Segment Start: MATERIALS PROVIDED

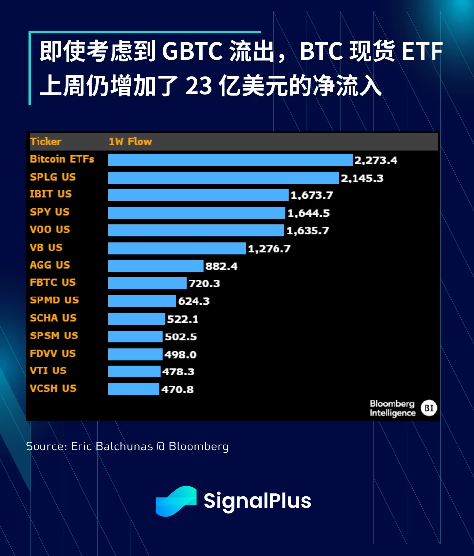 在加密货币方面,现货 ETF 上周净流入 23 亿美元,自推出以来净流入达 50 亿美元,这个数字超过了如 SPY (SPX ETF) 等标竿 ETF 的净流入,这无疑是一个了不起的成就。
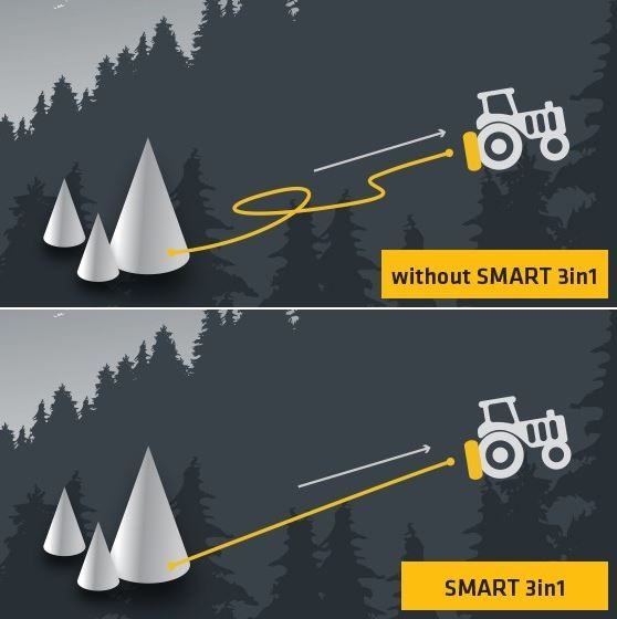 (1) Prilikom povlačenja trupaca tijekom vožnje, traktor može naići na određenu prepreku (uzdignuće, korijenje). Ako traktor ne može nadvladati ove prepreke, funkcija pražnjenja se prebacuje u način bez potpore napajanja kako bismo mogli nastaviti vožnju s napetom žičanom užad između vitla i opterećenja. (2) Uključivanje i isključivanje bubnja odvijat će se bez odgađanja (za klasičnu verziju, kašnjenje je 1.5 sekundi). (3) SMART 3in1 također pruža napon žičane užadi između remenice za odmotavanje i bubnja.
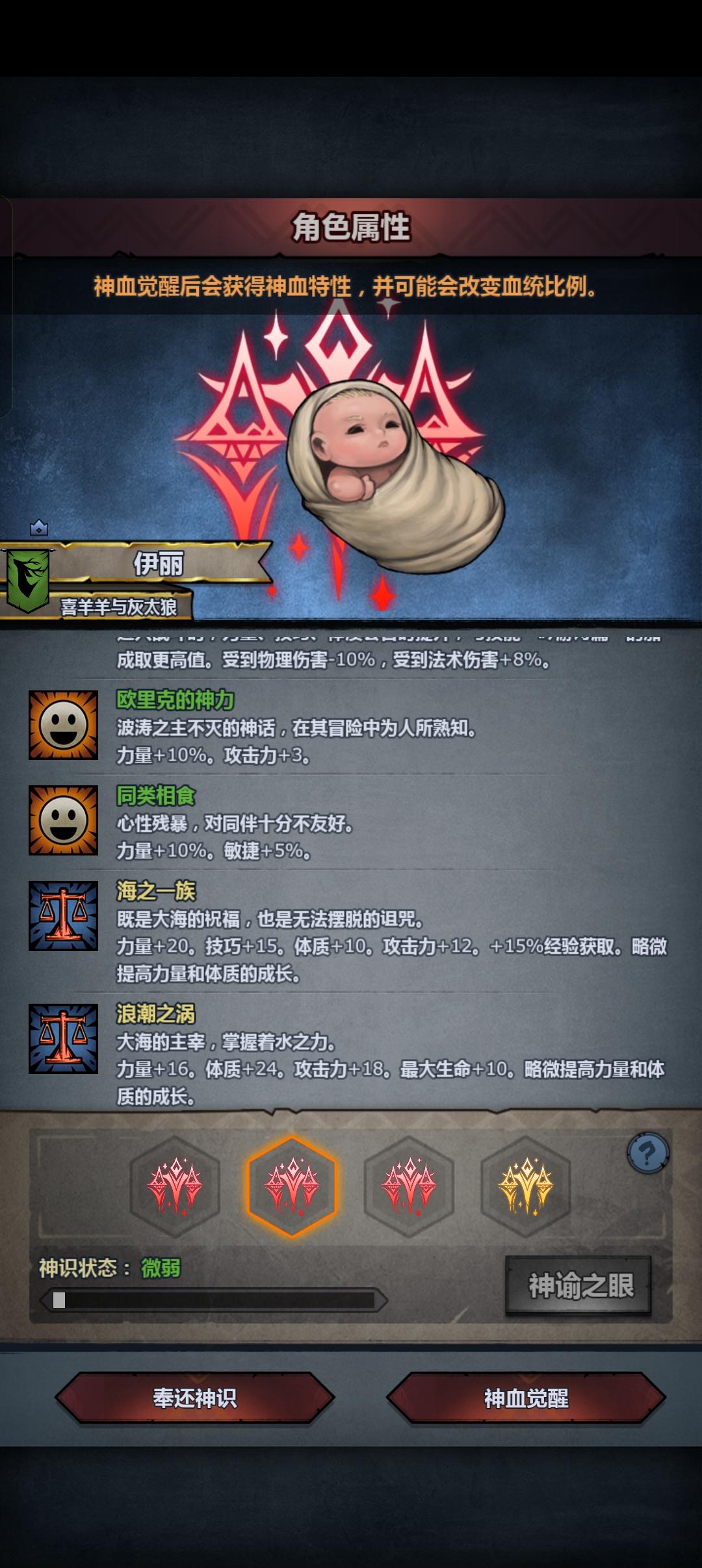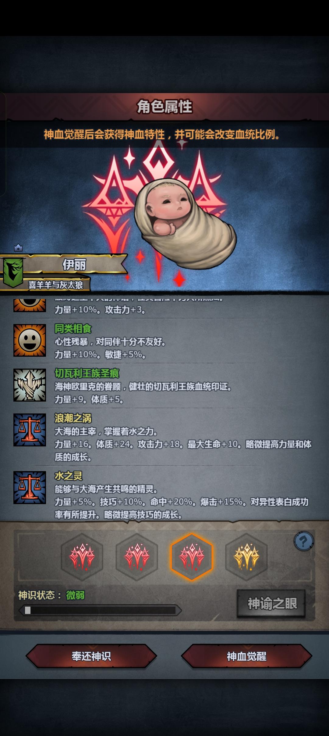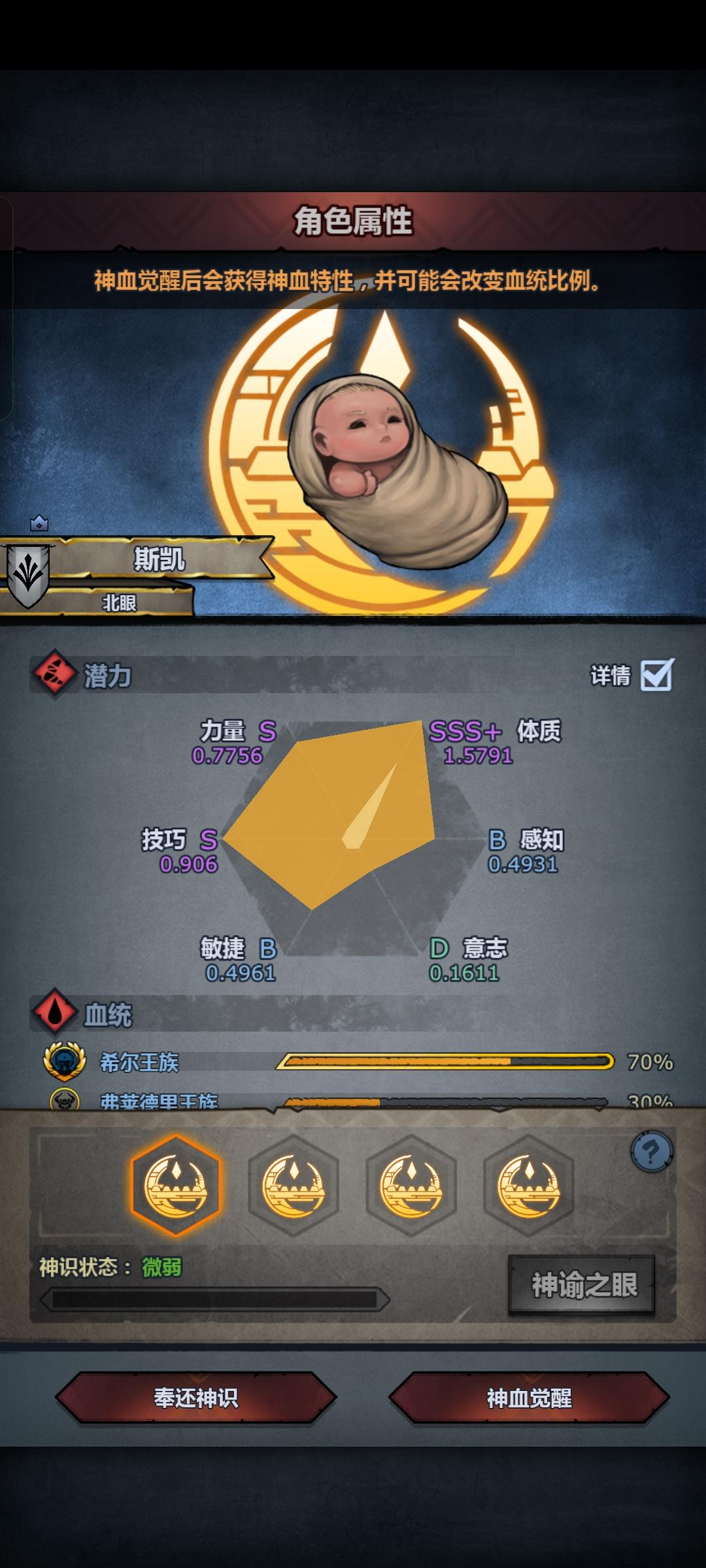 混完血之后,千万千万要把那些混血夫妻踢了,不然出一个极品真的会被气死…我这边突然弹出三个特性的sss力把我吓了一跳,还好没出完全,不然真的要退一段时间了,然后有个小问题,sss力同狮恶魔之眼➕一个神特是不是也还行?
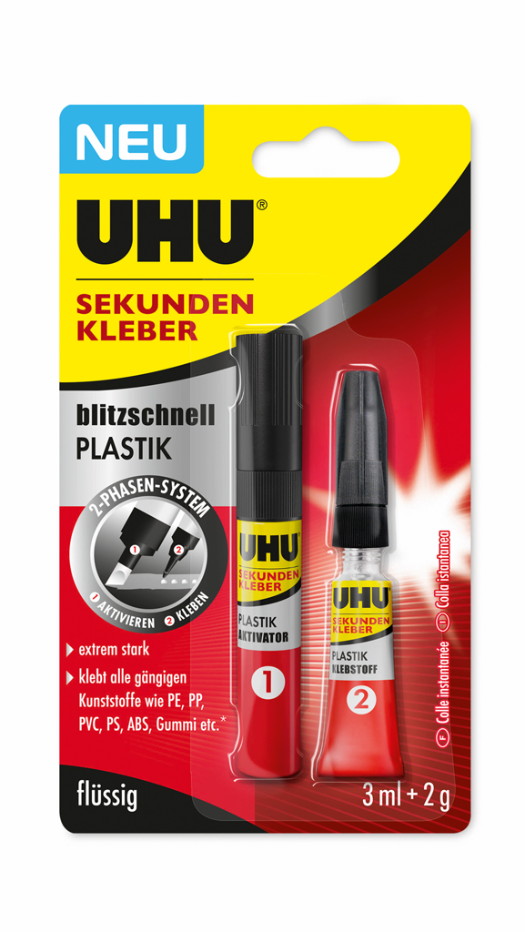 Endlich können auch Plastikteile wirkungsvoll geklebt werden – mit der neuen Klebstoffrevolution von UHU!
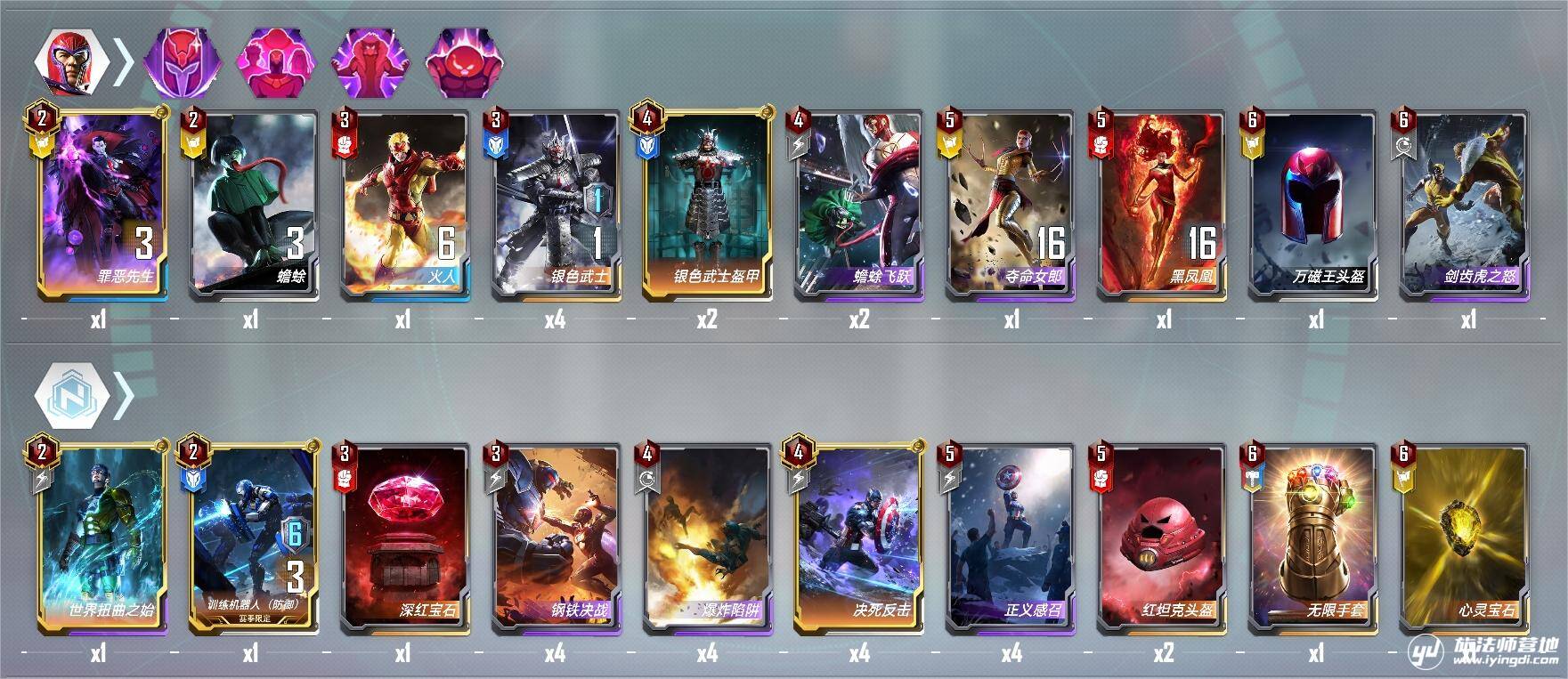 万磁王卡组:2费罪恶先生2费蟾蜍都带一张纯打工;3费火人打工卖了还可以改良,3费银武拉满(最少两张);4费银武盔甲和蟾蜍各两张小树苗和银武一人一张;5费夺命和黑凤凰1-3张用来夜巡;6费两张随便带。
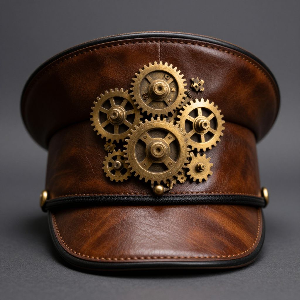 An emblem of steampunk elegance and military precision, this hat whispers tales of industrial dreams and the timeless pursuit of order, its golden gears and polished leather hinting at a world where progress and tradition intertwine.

Segment End: MATERIALS PROVIDED

- _TASK DESCRIPTION_
Would you retype every line shown above exactly, leaving the pictures aside?

- _OUTPUT FOR THIS TASK_
 在加密货币方面,现货 ETF 上周净流入 23 亿美元,自推出以来净流入达 50 亿美元,这个数字超过了如 SPY (SPX ETF) 等标竿 ETF 的净流入,这无疑是一个了不起的成就。
 (1) Prilikom povlačenja trupaca tijekom vožnje, traktor može naići na određenu prepreku (uzdignuće, korijenje). Ako traktor ne može nadvladati ove prepreke, funkcija pražnjenja se prebacuje u način bez potpore napajanja kako bismo mogli nastaviti vožnju s napetom žičanom užad između vitla i opterećenja. (2) Uključivanje i isključivanje bubnja odvijat će se bez odgađanja (za klasičnu verziju, kašnjenje je 1.5 sekundi). (3) SMART 3in1 također pruža napon žičane užadi između remenice za odmotavanje i bubnja.
 混完血之后,千万千万要把那些混血夫妻踢了,不然出一个极品真的会被气死…我这边突然弹出三个特性的sss力把我吓了一跳,还好没出完全,不然真的要退一段时间了,然后有个小问题,sss力同狮恶魔之眼➕一个神特是不是也还行?
 Endlich können auch Plastikteile wirkungsvoll geklebt werden – mit der neuen Klebstoffrevolution von UHU!
 万磁王卡组:2费罪恶先生2费蟾蜍都带一张纯打工;3费火人打工卖了还可以改良,3费银武拉满(最少两张);4费银武盔甲和蟾蜍各两张小树苗和银武一人一张;5费夺命和黑凤凰1-3张用来夜巡;6费两张随便带。
 An emblem of steampunk elegance and military precision, this hat whispers tales of industrial dreams and the timeless pursuit of order, its golden gears and polished leather hinting at a world where progress and tradition intertwine.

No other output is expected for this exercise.